Ser un hombre lobo era una maldición que llevaría consigo por el resto de su vida. Por más que quisiera escaparse, eso iría con él adónde fuese.

Al menos, vivir en el campo reduciría las posibilidades de que alguien volviese a salir lastimado, por eso mudarse a ese lugar había sido la decisión más sabia. Sus padres habían escogido aquella casa porque estaba bien cercada a sus alrededores, y tenía galpones que podían ser modificados para contenerlo durante las noches de luna llena. Pensaban que éste lugar era ideal para esconder a un lobizón adolescente.

Carlos se mudaba junto a sus padres, que lo amaban por más que estuviese maldito. Después de todo, ellos eran los responsables de haber tenido siete hijos varones, ¿no? No había sido culpa de él, y ellos no lo culpaban de nada.

También se mudaban con el hermano mellizo de Carlos, Felipe, quien había tenido la surte de nacer unos diez minutos antes que él. Sus demás hermanos ya eran mayores de veinte, y no vivían más con ellos. Los que no estaban casados, se encontraban estudiando en Santa Fe o en Paraná. Solo quedaban los mellizos, y sus padres no habían tenido que preocuparse por conseguir una casa para la gran familia que solían ser.

Carlos fue el primero en bajarse ni bien llegaron a la  nueva casa. Carlos pensó que los antiguos dueños debían de haberse ido hacía relativamente poco tiempo, ya que el área estaba llena de olor a humanos desconocidos.

Tras su primera transformación, alrededor de seis meses atrás, cuando Carlos había cumplido sus diecisiete años, todos sus sentidos se potenciaron en gran manera. Él pensaba que esa era la única ventaja de su maldición.

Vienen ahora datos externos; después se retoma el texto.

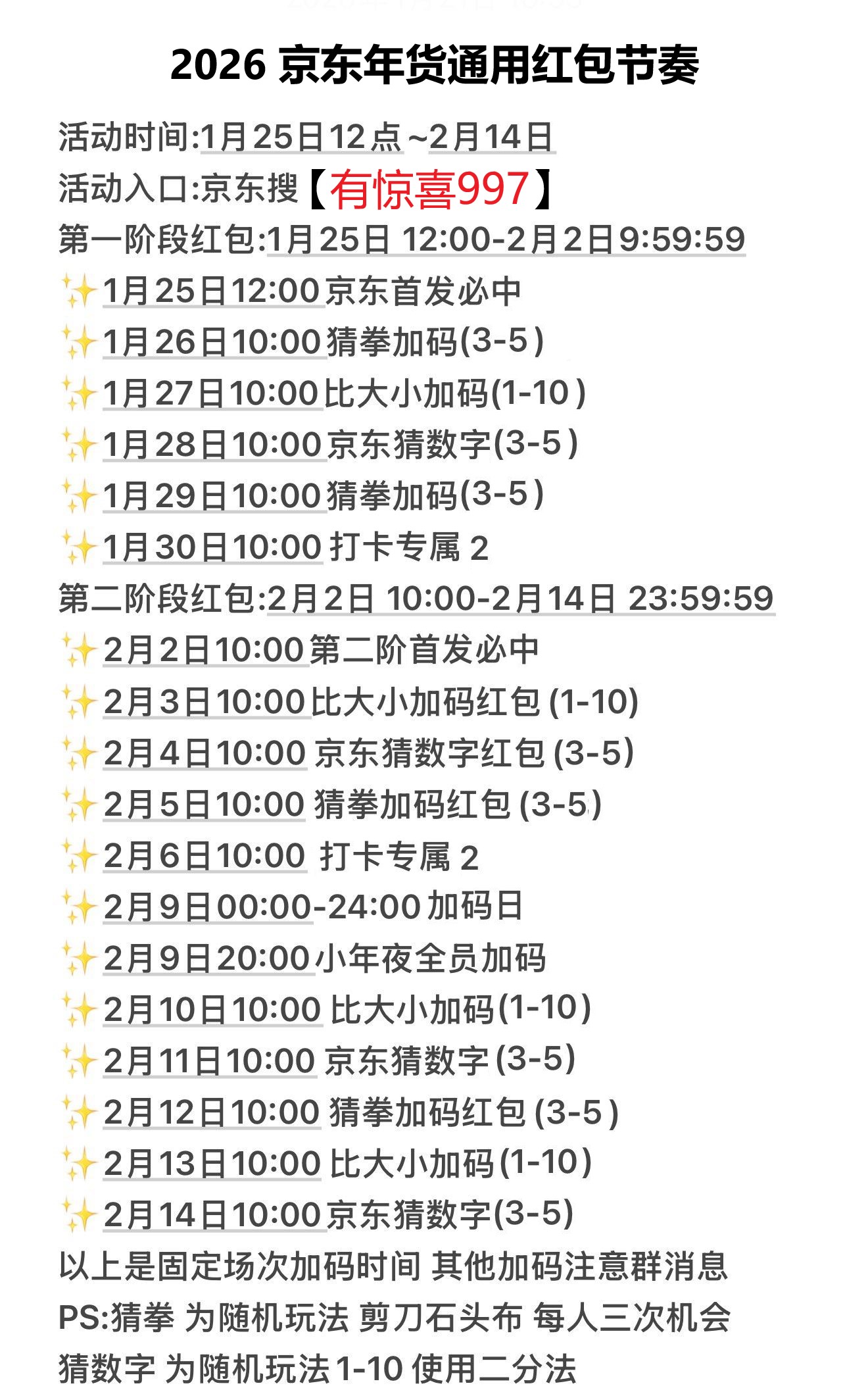 京东app搜索“有惊喜997”,每天反复进去抽3次,每抽1次再重新搜索进去抽,可以领多次,很多一分包邮实物,拆分使用也可以叠加使用,做任wu集火力每天再领12,都是无门槛的可以叠加。以下为新年货节期间活动明细以及加码活动。(时间点到达后重新搜索就可以参加)

Podía escuchar a sus padres cuando trataban de hablar en secreto en otra habitación, podía sentir el olor de algo desde alrededor de cien metros de distancia, y era más veloz y más fuerte de lo normal. Felipe sabía que cualquier pelea que comenzara contra su hermano no terminaría bien para él, por eso siempre lo dejaba en paz; aunque para Carlos eso a veces resultaba aburrido. No le gustaba que siempre le dejasen ganar.  

Tampoco había sido fácil para su hermano, quién le tenía envidia y lástima al mismo tiempo. Lo había visto transformarse una vez, y estaba al tanto de la tremenda agonía que la transformación le causaba.

Felipe le había confesado que tenía horribles pesadillas desde aquella noche en la que lo había visto transformarse, convirtiéndose en un gran perro negro a la luz de la luna llena, aullando de dolor y retorciéndose, a la vez que sus huesos crujían y se amoldaban al cuerpo canino. No era algo para nada agradable de presenciar, y mucho menos en alguien tan cercano y querido como lo era un hermano mellizo.

Carlos sólo recordaba el tremendo dolor. Nunca se había visto como lobo, ni podía recordar haber sido uno. Tal vez por eso no se sentía del todo culpable por las cosas que el lobo había hecho. Él era como una entidad separada de sí mismo, y la odiaba con todas sus fuerzas.